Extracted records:
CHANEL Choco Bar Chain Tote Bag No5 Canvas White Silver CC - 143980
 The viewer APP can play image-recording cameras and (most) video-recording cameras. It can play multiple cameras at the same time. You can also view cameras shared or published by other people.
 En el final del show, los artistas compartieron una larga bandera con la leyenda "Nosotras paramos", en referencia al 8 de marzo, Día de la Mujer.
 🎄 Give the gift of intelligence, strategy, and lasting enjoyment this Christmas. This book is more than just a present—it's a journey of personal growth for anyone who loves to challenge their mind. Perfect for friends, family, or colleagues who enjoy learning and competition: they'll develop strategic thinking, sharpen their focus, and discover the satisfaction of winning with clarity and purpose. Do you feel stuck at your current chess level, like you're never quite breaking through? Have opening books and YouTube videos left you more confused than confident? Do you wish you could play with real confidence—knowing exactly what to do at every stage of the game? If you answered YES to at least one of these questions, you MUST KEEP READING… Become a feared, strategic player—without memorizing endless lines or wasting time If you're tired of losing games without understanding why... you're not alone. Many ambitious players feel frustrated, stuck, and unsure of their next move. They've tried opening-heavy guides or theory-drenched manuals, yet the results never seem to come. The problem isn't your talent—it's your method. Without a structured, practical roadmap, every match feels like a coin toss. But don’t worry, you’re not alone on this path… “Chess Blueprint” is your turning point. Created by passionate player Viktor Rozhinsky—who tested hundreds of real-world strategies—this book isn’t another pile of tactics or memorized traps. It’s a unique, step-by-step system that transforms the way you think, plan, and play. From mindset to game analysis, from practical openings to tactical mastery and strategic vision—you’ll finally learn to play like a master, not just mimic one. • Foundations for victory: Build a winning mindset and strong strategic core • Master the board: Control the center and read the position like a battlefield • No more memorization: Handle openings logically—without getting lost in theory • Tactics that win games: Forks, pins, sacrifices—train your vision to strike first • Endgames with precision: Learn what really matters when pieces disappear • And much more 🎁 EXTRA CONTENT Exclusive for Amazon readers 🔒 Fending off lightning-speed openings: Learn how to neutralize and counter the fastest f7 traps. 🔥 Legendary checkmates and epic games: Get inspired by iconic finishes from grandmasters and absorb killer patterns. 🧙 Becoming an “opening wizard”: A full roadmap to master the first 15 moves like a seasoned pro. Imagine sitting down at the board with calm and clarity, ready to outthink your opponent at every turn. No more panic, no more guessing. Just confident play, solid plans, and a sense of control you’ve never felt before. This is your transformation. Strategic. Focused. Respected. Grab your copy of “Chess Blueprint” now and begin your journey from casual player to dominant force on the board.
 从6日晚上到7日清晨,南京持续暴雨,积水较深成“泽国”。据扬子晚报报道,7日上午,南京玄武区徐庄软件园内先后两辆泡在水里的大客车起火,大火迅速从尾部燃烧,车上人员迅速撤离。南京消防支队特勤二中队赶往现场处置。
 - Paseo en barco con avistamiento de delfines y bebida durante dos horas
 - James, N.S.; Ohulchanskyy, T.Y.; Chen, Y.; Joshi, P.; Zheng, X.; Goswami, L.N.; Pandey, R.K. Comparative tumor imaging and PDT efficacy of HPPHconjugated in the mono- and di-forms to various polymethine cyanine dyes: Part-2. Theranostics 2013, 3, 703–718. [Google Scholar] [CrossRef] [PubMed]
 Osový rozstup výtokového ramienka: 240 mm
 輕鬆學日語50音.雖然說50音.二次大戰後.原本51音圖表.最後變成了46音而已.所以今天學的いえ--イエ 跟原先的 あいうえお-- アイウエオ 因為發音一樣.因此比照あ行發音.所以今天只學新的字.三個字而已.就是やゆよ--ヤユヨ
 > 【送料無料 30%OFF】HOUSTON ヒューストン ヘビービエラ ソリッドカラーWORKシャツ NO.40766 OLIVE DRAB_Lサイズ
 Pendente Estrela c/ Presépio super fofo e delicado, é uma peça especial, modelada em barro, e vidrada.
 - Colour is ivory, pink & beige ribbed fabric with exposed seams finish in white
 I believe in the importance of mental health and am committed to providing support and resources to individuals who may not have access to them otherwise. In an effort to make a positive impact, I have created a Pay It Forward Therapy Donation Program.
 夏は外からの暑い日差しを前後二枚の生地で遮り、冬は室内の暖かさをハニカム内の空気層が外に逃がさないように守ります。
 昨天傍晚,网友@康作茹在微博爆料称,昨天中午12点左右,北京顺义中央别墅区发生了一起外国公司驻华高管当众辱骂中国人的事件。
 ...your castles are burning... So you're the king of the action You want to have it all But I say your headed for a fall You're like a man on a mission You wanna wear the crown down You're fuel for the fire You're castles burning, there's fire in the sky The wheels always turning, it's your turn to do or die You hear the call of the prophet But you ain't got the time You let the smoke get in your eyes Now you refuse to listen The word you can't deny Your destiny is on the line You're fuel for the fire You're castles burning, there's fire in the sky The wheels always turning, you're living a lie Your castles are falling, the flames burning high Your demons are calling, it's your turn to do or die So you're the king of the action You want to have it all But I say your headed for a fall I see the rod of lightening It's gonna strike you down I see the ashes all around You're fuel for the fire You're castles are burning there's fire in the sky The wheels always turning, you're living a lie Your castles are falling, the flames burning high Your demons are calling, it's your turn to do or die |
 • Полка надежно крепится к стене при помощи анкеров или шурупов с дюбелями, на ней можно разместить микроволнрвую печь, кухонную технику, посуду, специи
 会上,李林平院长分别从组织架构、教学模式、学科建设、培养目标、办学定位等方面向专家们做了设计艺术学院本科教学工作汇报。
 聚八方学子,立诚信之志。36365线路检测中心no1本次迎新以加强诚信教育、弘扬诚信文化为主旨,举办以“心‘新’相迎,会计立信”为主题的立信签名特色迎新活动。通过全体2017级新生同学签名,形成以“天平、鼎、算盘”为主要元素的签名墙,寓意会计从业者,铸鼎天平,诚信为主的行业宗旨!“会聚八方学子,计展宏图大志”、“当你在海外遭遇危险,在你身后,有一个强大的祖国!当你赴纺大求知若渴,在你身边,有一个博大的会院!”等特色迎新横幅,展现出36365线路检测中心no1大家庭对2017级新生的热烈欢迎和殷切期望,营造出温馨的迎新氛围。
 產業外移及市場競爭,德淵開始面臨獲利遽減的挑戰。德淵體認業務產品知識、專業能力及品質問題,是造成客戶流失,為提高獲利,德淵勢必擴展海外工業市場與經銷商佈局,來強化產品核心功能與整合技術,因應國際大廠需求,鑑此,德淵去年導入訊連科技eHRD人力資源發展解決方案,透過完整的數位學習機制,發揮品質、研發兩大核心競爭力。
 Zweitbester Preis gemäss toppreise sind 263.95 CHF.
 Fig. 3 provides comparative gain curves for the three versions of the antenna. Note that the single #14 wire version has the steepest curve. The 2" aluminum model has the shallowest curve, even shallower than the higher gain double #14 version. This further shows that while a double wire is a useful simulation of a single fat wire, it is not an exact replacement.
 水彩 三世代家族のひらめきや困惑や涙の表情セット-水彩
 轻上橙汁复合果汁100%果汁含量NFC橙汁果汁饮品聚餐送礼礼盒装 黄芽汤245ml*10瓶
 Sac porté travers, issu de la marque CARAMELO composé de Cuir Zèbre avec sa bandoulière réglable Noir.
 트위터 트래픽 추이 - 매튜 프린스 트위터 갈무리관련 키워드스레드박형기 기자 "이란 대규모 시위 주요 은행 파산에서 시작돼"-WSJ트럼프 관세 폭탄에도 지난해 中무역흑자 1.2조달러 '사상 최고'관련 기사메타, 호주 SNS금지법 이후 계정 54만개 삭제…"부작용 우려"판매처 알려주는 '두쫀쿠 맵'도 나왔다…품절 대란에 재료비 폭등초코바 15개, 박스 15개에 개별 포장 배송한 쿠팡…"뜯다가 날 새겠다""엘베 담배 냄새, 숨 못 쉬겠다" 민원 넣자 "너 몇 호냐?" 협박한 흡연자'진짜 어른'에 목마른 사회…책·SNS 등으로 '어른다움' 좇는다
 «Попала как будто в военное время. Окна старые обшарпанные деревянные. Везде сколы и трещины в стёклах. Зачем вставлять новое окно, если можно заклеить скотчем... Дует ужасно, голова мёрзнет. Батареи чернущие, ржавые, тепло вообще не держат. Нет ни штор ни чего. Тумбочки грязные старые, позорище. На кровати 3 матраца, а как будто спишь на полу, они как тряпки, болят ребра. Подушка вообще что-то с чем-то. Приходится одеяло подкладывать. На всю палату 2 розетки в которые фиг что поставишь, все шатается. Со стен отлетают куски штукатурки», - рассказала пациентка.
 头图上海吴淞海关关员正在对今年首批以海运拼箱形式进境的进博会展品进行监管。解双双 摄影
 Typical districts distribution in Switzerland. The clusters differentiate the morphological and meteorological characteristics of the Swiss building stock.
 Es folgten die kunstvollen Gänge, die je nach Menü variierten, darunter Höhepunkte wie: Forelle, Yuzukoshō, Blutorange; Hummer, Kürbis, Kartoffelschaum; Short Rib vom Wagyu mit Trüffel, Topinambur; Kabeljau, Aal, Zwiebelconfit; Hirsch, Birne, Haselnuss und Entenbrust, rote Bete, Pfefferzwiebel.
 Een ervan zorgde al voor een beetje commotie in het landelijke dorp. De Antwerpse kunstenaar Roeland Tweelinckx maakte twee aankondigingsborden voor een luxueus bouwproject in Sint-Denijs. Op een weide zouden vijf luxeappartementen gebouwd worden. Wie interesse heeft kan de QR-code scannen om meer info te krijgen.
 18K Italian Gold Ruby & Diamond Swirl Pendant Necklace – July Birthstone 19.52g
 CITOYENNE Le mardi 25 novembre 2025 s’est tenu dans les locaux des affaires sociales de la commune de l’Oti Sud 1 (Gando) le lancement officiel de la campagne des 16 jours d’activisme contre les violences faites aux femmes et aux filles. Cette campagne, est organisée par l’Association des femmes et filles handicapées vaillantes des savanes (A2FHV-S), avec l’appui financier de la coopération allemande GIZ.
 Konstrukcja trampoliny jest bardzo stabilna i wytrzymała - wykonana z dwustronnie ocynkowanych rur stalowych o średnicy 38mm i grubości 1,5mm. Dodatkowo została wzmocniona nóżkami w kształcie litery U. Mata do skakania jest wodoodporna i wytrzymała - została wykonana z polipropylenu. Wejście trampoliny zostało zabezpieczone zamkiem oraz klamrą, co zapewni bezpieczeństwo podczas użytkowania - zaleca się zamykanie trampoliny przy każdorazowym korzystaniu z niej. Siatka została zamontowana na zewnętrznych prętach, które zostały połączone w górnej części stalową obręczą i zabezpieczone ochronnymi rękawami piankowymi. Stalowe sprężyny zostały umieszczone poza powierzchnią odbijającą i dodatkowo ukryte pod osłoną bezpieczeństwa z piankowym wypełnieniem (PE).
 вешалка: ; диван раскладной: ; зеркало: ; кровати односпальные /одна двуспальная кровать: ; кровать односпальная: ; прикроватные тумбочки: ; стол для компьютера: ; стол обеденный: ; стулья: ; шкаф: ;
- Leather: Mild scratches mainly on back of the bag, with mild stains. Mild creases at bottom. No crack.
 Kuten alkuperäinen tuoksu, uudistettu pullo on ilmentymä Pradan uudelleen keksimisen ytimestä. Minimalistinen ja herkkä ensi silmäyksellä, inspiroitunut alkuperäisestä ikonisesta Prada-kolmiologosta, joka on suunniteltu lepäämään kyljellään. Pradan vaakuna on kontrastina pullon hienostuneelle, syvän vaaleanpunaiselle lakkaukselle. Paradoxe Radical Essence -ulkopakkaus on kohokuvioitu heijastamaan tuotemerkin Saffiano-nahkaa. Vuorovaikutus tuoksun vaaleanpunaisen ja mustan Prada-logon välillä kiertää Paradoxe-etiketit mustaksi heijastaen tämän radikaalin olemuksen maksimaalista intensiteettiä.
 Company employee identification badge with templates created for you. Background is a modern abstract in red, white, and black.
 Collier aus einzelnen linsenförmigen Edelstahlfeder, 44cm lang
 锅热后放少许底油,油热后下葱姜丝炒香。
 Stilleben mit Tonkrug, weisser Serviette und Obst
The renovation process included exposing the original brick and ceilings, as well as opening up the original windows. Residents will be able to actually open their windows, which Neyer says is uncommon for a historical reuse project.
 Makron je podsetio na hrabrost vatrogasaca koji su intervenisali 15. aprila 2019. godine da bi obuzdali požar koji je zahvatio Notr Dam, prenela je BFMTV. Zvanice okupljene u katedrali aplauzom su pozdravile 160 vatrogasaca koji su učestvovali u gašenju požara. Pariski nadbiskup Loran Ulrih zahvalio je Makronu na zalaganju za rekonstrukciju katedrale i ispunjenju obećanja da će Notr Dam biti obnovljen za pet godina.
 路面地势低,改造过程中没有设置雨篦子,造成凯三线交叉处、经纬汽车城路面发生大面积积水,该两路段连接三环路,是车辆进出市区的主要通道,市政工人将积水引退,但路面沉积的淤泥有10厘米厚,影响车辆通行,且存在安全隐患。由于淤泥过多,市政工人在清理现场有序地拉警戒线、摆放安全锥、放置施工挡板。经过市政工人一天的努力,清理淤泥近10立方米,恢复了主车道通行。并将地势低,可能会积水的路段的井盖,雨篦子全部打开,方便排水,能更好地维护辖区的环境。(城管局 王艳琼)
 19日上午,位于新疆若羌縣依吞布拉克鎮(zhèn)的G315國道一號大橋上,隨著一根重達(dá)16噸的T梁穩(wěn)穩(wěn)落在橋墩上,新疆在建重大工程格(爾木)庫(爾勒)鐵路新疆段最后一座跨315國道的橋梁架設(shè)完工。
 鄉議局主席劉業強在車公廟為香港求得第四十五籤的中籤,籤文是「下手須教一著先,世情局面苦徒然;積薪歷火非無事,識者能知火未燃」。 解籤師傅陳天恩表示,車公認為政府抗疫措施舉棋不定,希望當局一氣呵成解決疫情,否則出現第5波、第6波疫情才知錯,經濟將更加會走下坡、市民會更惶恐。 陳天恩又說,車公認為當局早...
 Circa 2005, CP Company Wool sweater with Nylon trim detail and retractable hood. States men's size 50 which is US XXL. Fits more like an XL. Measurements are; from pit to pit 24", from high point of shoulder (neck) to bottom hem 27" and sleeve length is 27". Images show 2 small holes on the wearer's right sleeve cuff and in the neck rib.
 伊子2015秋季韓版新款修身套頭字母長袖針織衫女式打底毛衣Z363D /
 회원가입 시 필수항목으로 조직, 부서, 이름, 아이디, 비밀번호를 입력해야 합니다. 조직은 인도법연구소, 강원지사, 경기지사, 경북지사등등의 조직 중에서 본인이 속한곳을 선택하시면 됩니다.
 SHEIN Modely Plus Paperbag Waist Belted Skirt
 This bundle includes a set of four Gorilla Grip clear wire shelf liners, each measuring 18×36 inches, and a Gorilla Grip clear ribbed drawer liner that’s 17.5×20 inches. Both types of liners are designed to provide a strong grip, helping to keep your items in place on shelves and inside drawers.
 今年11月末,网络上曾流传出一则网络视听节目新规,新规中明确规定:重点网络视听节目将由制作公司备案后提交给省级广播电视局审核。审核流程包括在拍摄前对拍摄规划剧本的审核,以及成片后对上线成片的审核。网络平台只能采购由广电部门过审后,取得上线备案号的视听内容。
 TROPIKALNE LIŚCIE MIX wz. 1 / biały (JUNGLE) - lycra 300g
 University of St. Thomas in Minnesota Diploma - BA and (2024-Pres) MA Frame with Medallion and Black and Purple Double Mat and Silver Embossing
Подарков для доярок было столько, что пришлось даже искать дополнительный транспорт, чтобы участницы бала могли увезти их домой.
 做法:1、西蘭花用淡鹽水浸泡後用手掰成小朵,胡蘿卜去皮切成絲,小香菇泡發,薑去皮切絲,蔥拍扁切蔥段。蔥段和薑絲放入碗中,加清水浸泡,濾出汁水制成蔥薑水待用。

» **WHAT TO DO**:
Set down again, word for word, the stretch of records from the line with "锅热后放少许底油,油热后下葱姜丝炒香。" to the line with "The renovation process", both of those lines included.

» **OUTPUT BELOW**:
 锅热后放少许底油,油热后下葱姜丝炒香。
 Stilleben mit Tonkrug, weisser Serviette und Obst
The renovation process included exposing the original brick and ceilings, as well as opening up the original windows. Residents will be able to actually open their windows, which Neyer says is uncommon for a historical reuse project.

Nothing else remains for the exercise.